By Anthony Vu Huynh, DO

Fall 2006

Waiting in the Wings: Rimonabant for Weight Reduction

Rimonabant was developed by the pharmaceutical company Sanofi-Aventis. It had some positive effects on weight-loss, cardiovascular risk factors and helping people quit smoking. In February 2006, the FDA did not approve rimonabant as a smoking cessation medication, but announced possible approval as a weight-loss drug with undisclosed requirements. While rimonabant is waiting for possible FDA approval in the United States, it has been available in the United Kingdom since June 2006, and in Germany since September 2006 for weight-loss management.

How does rimonabant work? 

Rimonabant acts on the endocannabinoid system (ECS). Cannabinoid substances, found in marijuana and isolated in 1964, have some effect on appetite stimulation. In the early 1990s, studies traced the receptors binding these substances in animals, then found anandamide, the first cannabinoid substance. In 1995, the second cannabinoid substance was discovered in gut and brain, named 2-AG. Hence, the ECS exists in animals unrelated to the use of marijuana. Subsequently, the ECS was determined to play a role in regulation of energy balance, food intake and metabolic processes. The relationship between ECS and appetite control has been demonstrated in several studies in rats. In one study done in the United Kingdom in 1999, the rats were fed with 30 grams of food, and then half of them received injections of cannabinoid substance. The result was over-eating behavior observed in these rats compared to the ones that did not receive cannabinoid substance. The second study in 2002 was also in the United Kingdom, where they measured the levels of these cannabinoid substances in rats before and after eating. They found the level increased before meal and decreased after meal, mainly in the brain. These findings confirmed the effect of cannabinoid substances in appetite control.

Rimonabant works by blocking the receptor of the cannabinoid substances in the brain as well as the gastrointestinal tract, fat tissues, heart and liver. As the result, it suppresses appetite, as well as produces changes in body fat and glucose metabolism.

How do we know rimonabant works in humans? 

“RIO-North America” was a large study conducted at multiple centers across North America from August 2001 to April 2004 with 3,045 adult participants with excess weight or obesity. In this study, after four weeks of a low-calorie diet and increased activity levels, patients were given either a placebo (no active ingredient) or two different doses of rimonabant (5mg/day or 20mg/day) for one year. The average weight-loss after one year was 6.3 kg in the 20 mg dose group versus 1.6 kg in the placebo group, and the waist circumferences was reduced in the two groups, 6.1 cm versus 2.5 cm, respectively. There was no significant weight-loss seen in the lower dose (5mg/day) group.

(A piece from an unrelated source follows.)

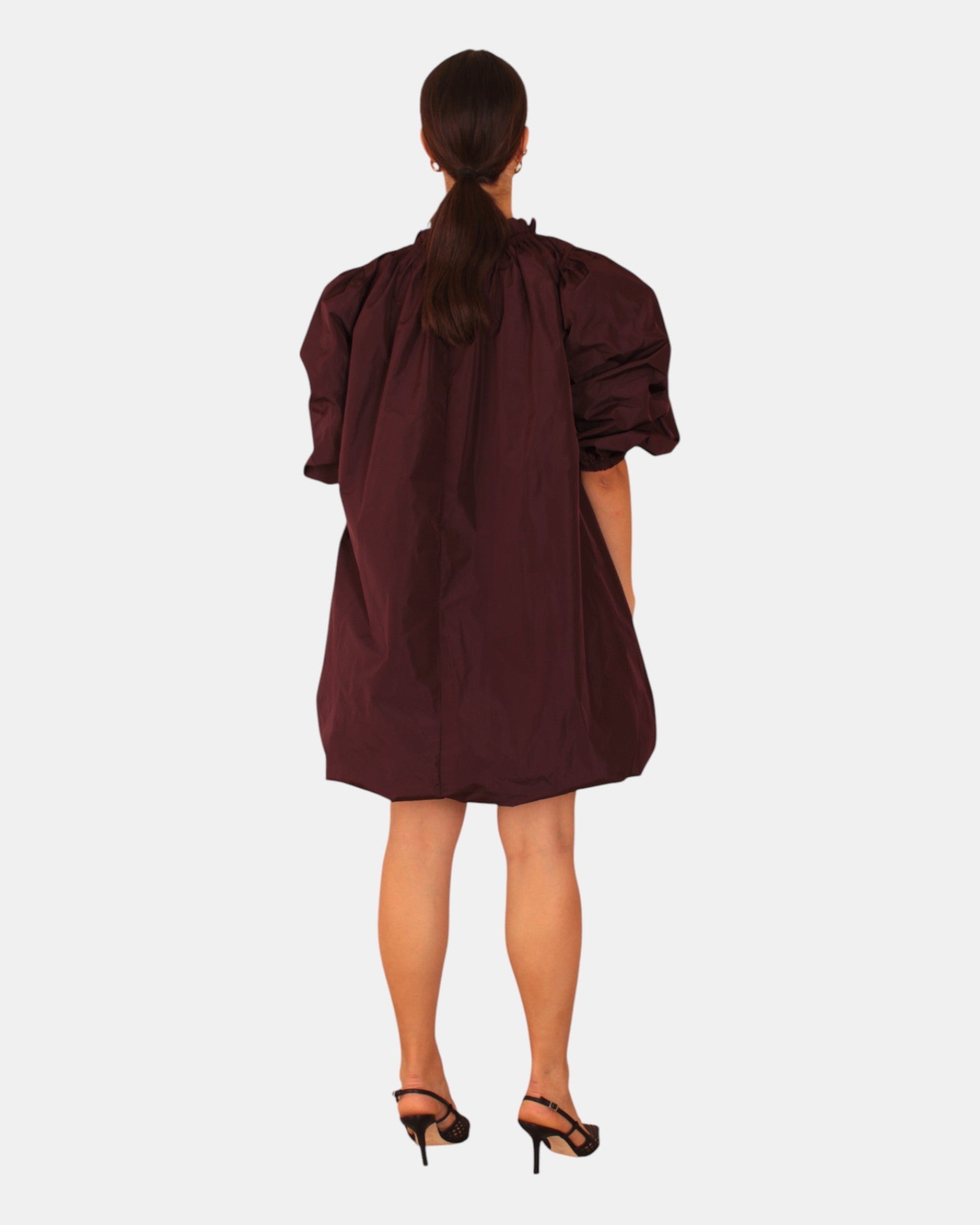il vestito di liviana conti presenta scollo a barca con manica a sbuffo, dalla mano fresca dovuta alla sua composizione in 67%Acetato e 33%poliestere. Si consiglia lavaggio a mano. La modella è alta 1,68 m e indossa una 40

After the first year of the study, the patients on rimonabant were randomly reassigned to either receive placebo or continue the same dose of 5mg and 20mg; while the original placebo group continued receiving the placebo. At the end of the two-year period, the group who continued the 20mg dose of rimonabant was able to maintain an average weight-loss from baseline of 7.4 kg (16 pounds), whereas the treated patients who switched to a placebo regained most of their weight. There was no significant weight-loss during the second year in the groups taking the placebo or the low dose rimonabant (5mg/day) for two years. The results showed that the weight-loss in patients taking 20mg of rimonabant is clinically significant and well maintained during the second year.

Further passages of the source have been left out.